この映画は,その日のサライェヴォのホテルが舞台です。
http://www.bitters.co.jp/tanovic/sarajevo.html

屋上では,この事件でオーストリアの帝位継承者夫妻を暗殺したプリンチップをめぐって,女性のジャーナリストが何人かの人にインタビューをする番組を撮っています。

ホテル内部では,給料の遅配でストを計画している従業員と裏の人間を使ってストを阻止しようとする支配人,さらにストの中心に母親が担ぎ出されたことを心配する受付主任の女性,そして部屋でスピーチの練習をする人物とそれを警護する警察官などが,ドラマを展開します。
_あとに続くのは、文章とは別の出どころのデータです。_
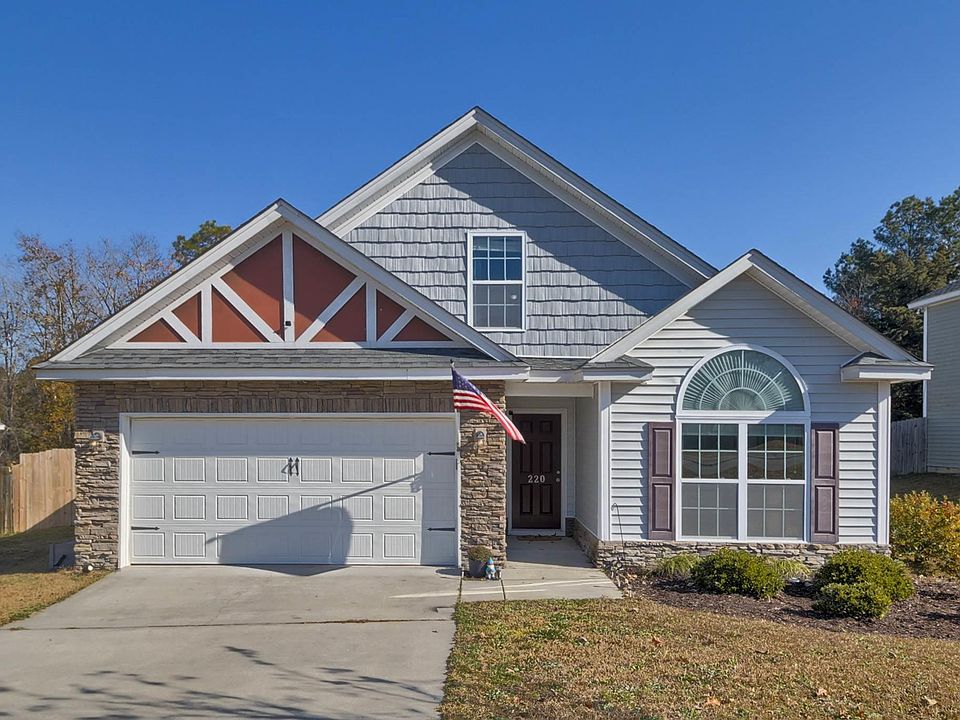 Welcome to 220 Big Game Loop! You are going to love this 4 BDRM, 3 FULL BATH floorplan with TWO BDRMS & TWO FULL BATHS ON THE MAIN LEVEL! You will love this home from the moment you step into the door onto the beautiful hardwood floors and open floorplan. The hardwood floors extend from the foyer throughout the FORMAL DINING ROOM and spacious family room. The kitchen is fantastic w/GRANITE countertops, bar seating, tons of cabinets, PANTRY & eat-in area! The gorgeous master suite is located on the first floor with plenty of room for all of your furniture, a WALK-IN CLOSET, private bath w/DOUBLE VANITIES, GARDEN TUB & SEPARATE SHOWER! BDRM #2 is alslo located on the main level and would make a perfect GUEST ROOM! Laundry room is also conventiently located on the main level! You are also going the LOVE THE UPSTAIRS with TWO ADDITIONAL BEDROOMS, FULL BATH & LARGE LOFT AREA . . . AKA MAN-CAVE, GAME ROOM, MOVIE ROOM ETC! This is home has it all including a HUGE PRIVATE BACKYARD & 12 MONTH HOME WARRANTY FOR THE NEW OWNER!!! Schedule your showing today before someone else makes it their home!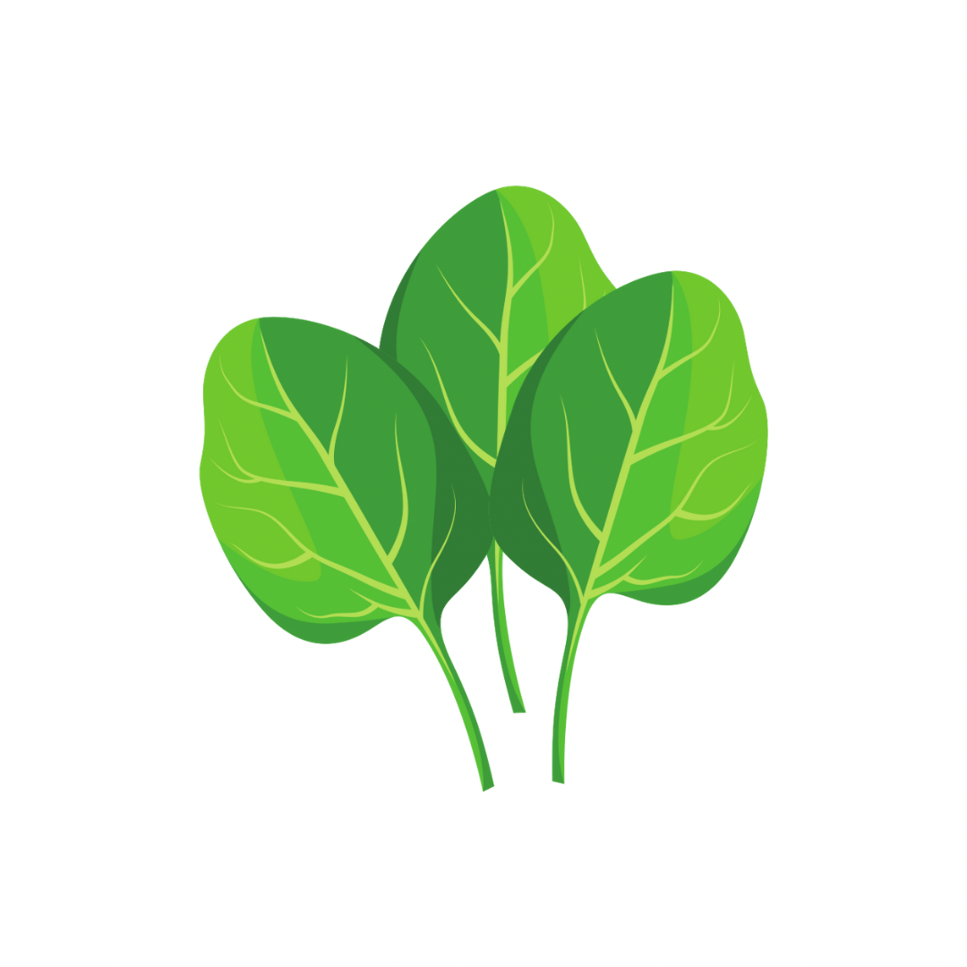 Illustration of a bunch of fresh green spinach with stems and leaves.

インタビュー中にジャーナリストがプリンチップをテロリストと呼んだことについて,ジャーナリストとプリンチップと同姓同名の人物の間で激しい議論となるのですが,その一方でお互いに好意を持つようになります。

ところが番組を離れて個人的に議論していたものが,密か録音されていたのを知って,男は怒り,拳銃を取り出して階段を降りていきます。

彼は拳銃を持っているのを警察官に見つかり,射殺されるのです。

まずは,サライェヴォ事件の背景から整理して置きましょう。

20世紀初めに青年トルコ革命が起こり,オスマン帝国が混乱すると,それを利用してブルガリアが独立し,オーストリアがオスマン帝国領のボスニア・ヘルツェゴヴィナを併合しました。

ボスニア・ヘルツェゴヴィナに隣接するセルビアは併合を狙っていましたから,オーストリアに反発しました。

このような情勢のもと,ロシアはオーストリアに対抗させるため,バルカン半島のセルビア・モンテネグロ・ブルガリア・ルーマニアバルカン同盟を作らせたのです。

ところが,バルカン同盟諸国はロシアの意図とは違って,混乱しているオスマン帝国に目を向けました。そしてバルカン同盟とオスマン帝国の第1次バルカン戦争を起こしました。

バルカン同盟諸国は勝利して,バルカン半島のオスマン帝国領を奪いました。しかし,ブルガリアが多くの領土をとったので,他のバルカン同盟諸国と対立し,第2次バルカン戦争が起こったのです。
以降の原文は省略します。